Chrysler, which had enjoyed some 1990s sales success in Europe with the initially LHD-only Voyager minivans and Jeep Grand Cherokees assembled by Magna Steyr in Graz, Austria (and the two generations of LHD/RHD Neon sedan shipped from the US), boosted sales with the 1997 Voyager redesign by adding RHD and a long wheelbase option to the mix, along with, eventually, a diesel engine option supplied by European maker VM. And then came the PT Cruiser and the 300C, both also offering a passable choice of petrol and, as that was in the DaimlerChrysler era, good Mercedes diesels. All that was just fine until the UK – and various, also CO2-obsessed, western Europe governments – dropped their tax-based bombs. Even with its two-litre I4 engine, the petrol PT was the wrong side of 200 grams. The large I4 and V6 diesel options across the rest of the Chrysler/Dodge/Jeep ranges were also caught in the unexpected tax net.

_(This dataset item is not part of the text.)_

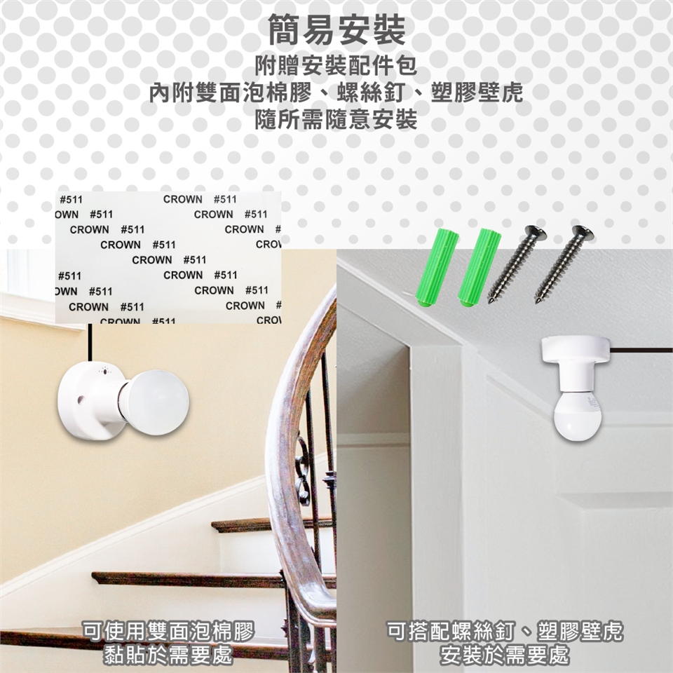 ●本產品附贈①泡棉雙面膠,可隨意黏貼固定,②塑膠壁虎、鑽孔釘、塞孔帽,可堅固固定於牆上或需要處。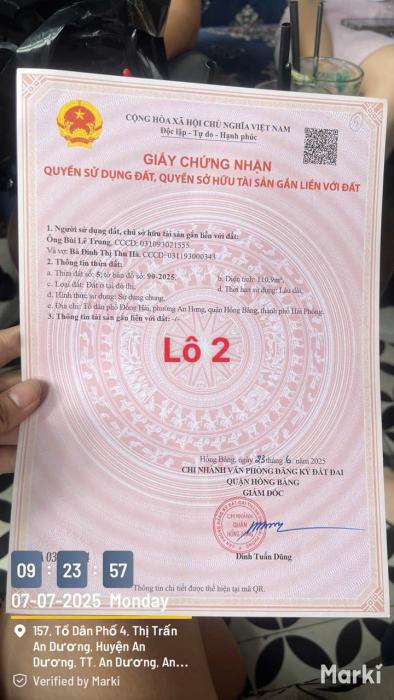 + Lô 2:110,9m2 (Lô số 5, Thuộc An Hưng – Hồng Bàng, đất KCN Him Lam)

On top of that, UK fleet buyers, many of which are big household-name companies sensitive to environment-savvy customers’ views, started imposing CO2 emissions-based limits on what their company car drivers could choose and high emitters were off the list. Most Chrysler-Jeep products had high CO2 emissions because the main market, the United States, doesn’t have the same emissions issues – there is more emphasis on other tailpipe pollutants – and overall fleet CO2 emissions over there are being lowered gradually by the overall fleet economy ratings recent administrations have imposed and are tightening in stages.
Eventually, petrol engines were phased out in the UK and most of Europe, various Dodge models were launched and withdrawn. The last Avengers in 2010/2011 were ‘fire saled’ off to car supermarkets (at least one of which offered them ‘two for the price of one’, effectively half retail price which killed resale value) and there was a dearth of suitable new product (eg no PT Cruiser replacement). The lacklustre Caliber hatchback replacement for the once-popular mid-1990s Neon sedan just didn’t take in the high volume C-segment into which it was pitched while few potential buyers noticed the half-hearted 300C launched a few years after the relatively popular original (that original model line boosted by a nice Chrysler branded and specified wagon much more suited to European buyers than the Dodge Magnum variant sold in the US). All Chrysler could do eventually was try that desperate Lancia rebadge but the range was too specialised and too limited (eg no automatics) to compete.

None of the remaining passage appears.